Der Kläger ist eine körperschaftsteuerpflichtige Pensionskasse und hält Anteile an verschiedenen Aktienfonds. In den Jahren 2002 bis 2004 hatte der Kläger Teilwertabschreibungen auf die Fonds vorgenommen, von denen sich jedoch aufgrund der Einführung des § 8b KStG nur diejenigen des Jahres 2004 mindernd auf den steuerlichen Gewinn ausgewirkt hatten. Im Streitjahr 2005 nahm der Kläger Teilwertaufholungen auf die Fonds vor, die er – mit Ausnahme von nicht abziehbaren Betriebsausgaben in Höhe von 5% – als steuerfrei ansah. Dies begründete er damit, dass die Teilwertabschreibungen in den Jahren 2002 und 2003 steuerlich ebenfalls nicht berücksichtigt wurden. Das Finanzamt sah die Teilwertaufholungen in vollem Umfang als steuerpflichtig, weil sie zunächst mit den zuletzt vorgenommenen und damit steuerwirksamen Teilwertabschreibungen des Jahres 2004 zu verrechnen seien.

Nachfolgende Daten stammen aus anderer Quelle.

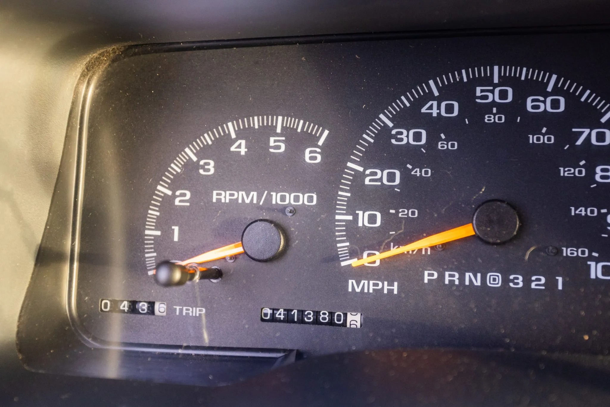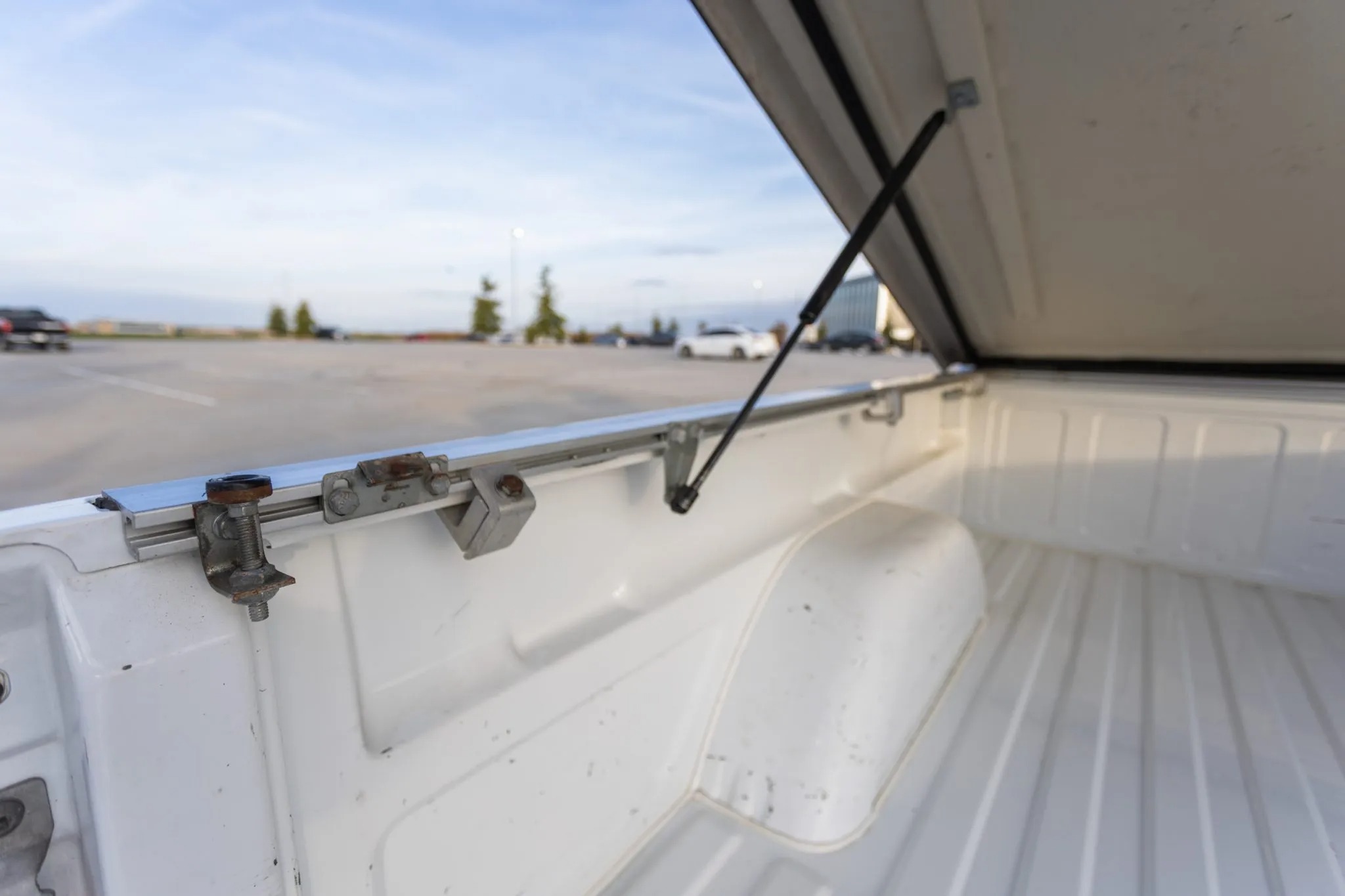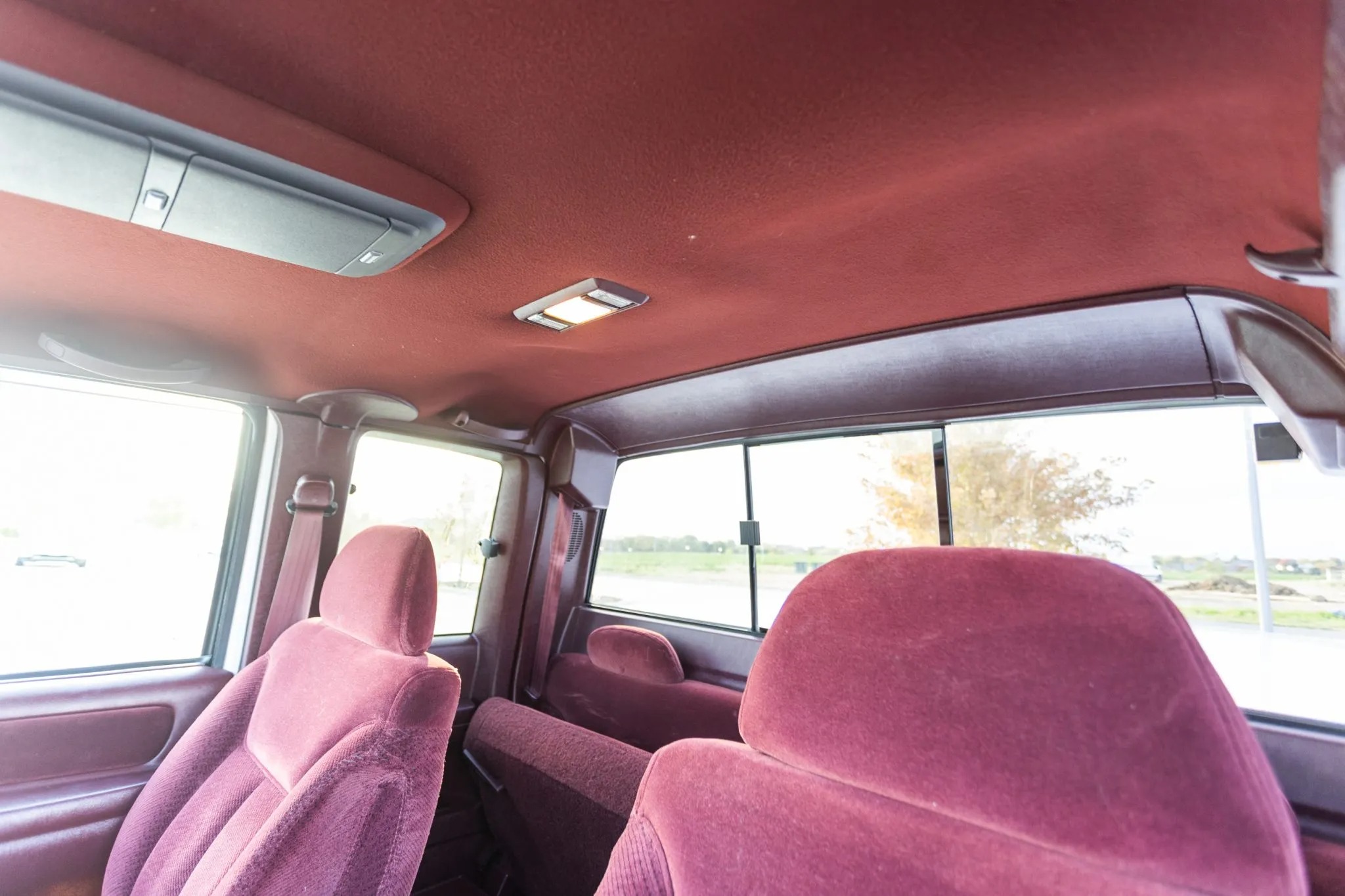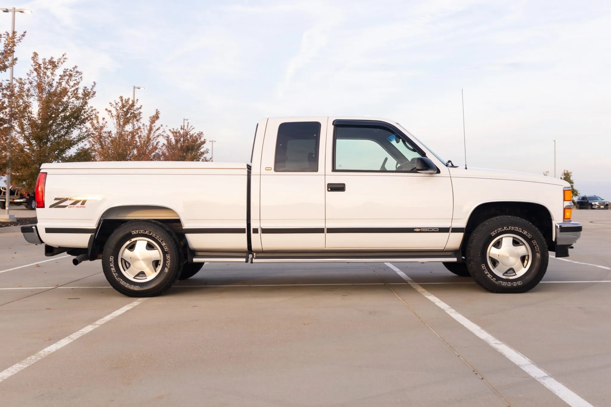 The truck is finished in Summit White over red cloth, and power is provided by a 5.7-liter V8 linked with a four-speed automatic transmission, a dual-range transfer case, and a locking rear differential. Features include running boards, a Leer tonneau cover, a receiver hitch, 16″ five-spoke alloy wheels, power-adjustable front bucket seats, a cassette stereo, a CD player, cruise control, an aftermarket trailer brake controller, and air conditioning. This GMT400 pickup shows 41k miles, and it is now offered with the owner’s manual, service records
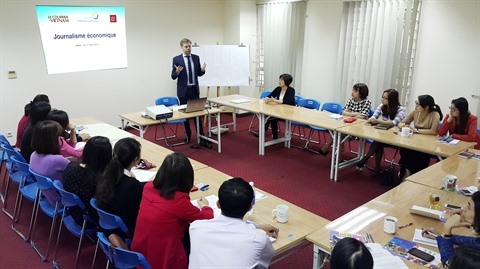 | Un cours de formation au journalisme économique destiné à des journalistes du Courrier du Vietnam organisé à Hanoï et financé par l'OIF. |
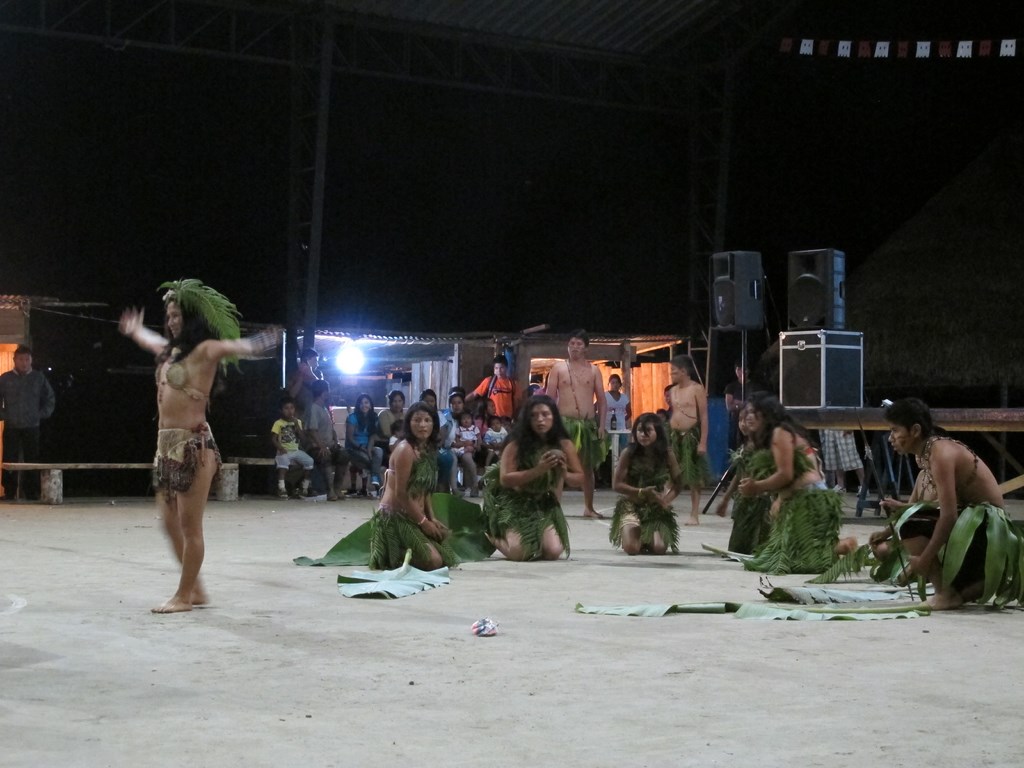 Le samedi, un grand concours de danses et de chants traditionnels a eu lieu sur la scène installée pour l’occasion. Le concours de danse kichwa a épaté tous les spectateurs par ses chorégraphies, ses mises en scène recherchées et ses costumes. Ceux-ci ont été conçus par les danseurs à partir de matériaux traditionnels.
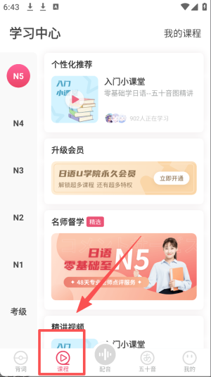 3、在学习中心,点击“课程”按钮。选择适合你的日语课程,系统学习日语知识。
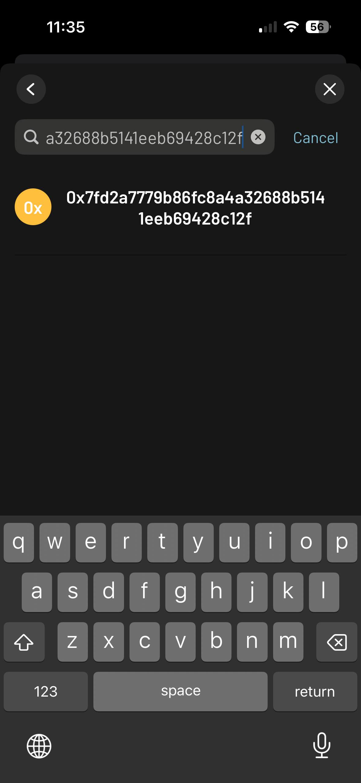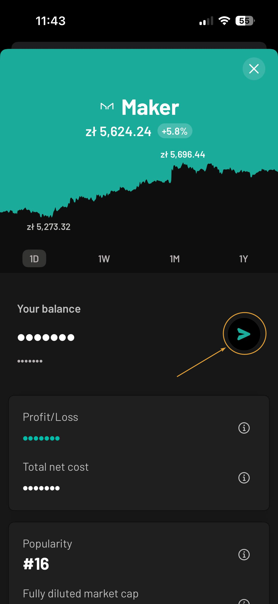 - Toque el token que desea enviar, luego toque Enviar.
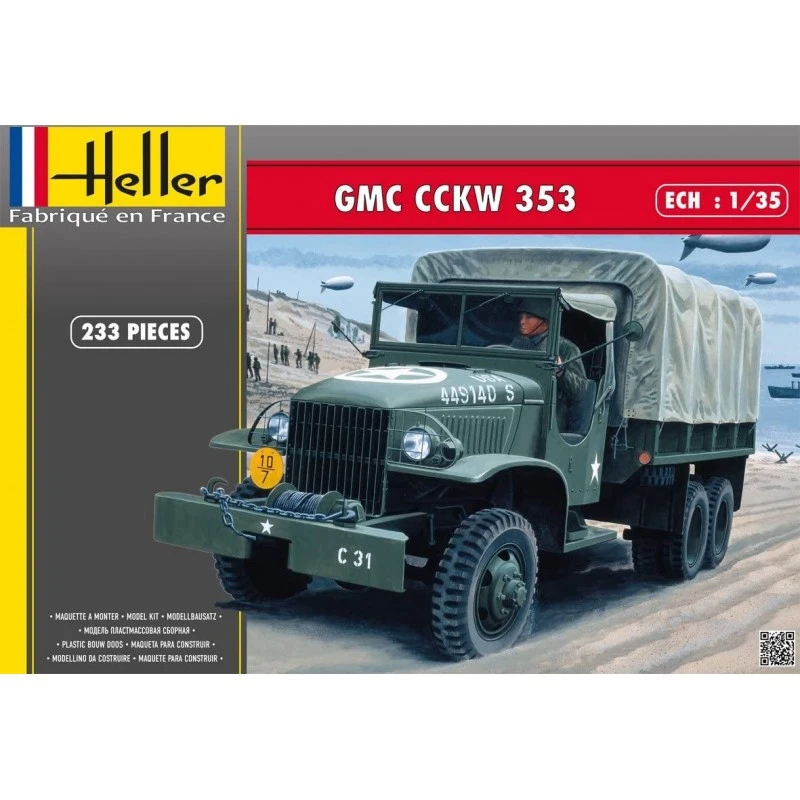 Les GMC sortant des bateaux et roulant sur les plages, lors du Débarquement en Normandie, apparaîtront toujours comme une image symbole de la Libération, tant il est vrai qu?une armée en campagne ne peut exister sans les moyens de transport et de support logistique. Construit à plus de 800 000 exemplaires, le GMC, camion bâché de 2,5 tonnes à 6 roues motrices, fut au camion ce que la jeep fut au véhicule léger. Les deux modèles principaux furent le CCKW-352 dit ?châssis court? et le CCKW-353 dit ?châssis long?, objet de la présente maquette. Sa silhouette caractéristique sillonna tous les théâtres d?opérations. Son aptitude à remplir sa mission dans les conditions les plus difficiles grâce à sa robustesse légendaire et à sa puissance, en fi
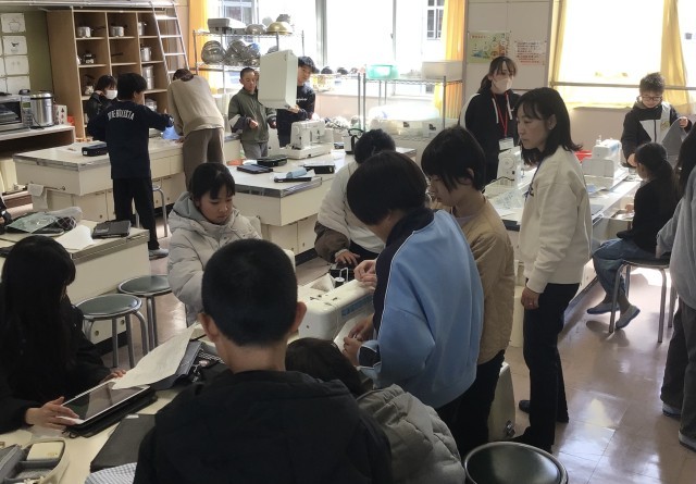 5年2組さん、家庭科の授業です。保護者ボランティアの方もお二人来てくださってい...
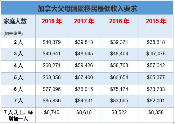 请参考2015-2018年的收入要求(父母团聚收入为最低收入LICO 的1.3倍):

Die Klage hatte nur teilweise Erfolg. Die Verrechnungsreihenfolge muss sich an einer Zeitenreihenfolge orientieren und dabei die zuletzt eingetretene Wertminderung als zuerst ausgeglichen angesehen werden („Last in- First out“), so das Finanzgericht.

Im Streitfall seien die Wertaufholungen damit zunächst von den zuletzt vorgenommenen (steuerwirksamen) Teilwertabschreibungen des Jahres 2004 vorzunehmen. Diese Verrechnungsreihenfolge „Last in – First out“ sei sachgerecht und korrespondiere mit dem Zweck der Neuregelung. Es sei folgerichtig, eine Verrechnung zuerst innerhalb des neuen Regelungssystems vorzunehmen. Erst wenn der jeweilige „Zwischen“-Buchwert erreicht sei, seien die steuerfreien Teilwertabschreibungen rückgängig zu machen.

Diese Berechnungen seien allerdings für jeden Fonds getrennt vorzunehmen. Da das Finanzamt dies nicht vollständig beachtet hatte, kam es zu einer teilweisen Stattgabe der Klage.

Anmerkung: Der Kläger hatte seine Argumentationen u. a. auf ein früheres BFH-Urteil vom 19. August 2009 (I R 2/09) gestützt, wonach (so der Urteilstenor) Wertaufholungen vorrangig mit steuerlich unwirksamen Teilwertabschreibungen zu kompensieren sind. Das genannte Urteil sei – so das Finanzgericht – auf die Regelung in § 8b Abs. 8 KStG übertragbar und im Sinne der „Last in – First out“-Mechanik zu verstehen. Diese Verrechnungsreihenfolge sei sachgerecht und korrespondiere mit dem Gesetzeszweck, die betreffenden Versicherungsunternehmen und Pensionskassen nicht den allgemeinen Grundsätzen des § 8b KStG zu unterwerfen.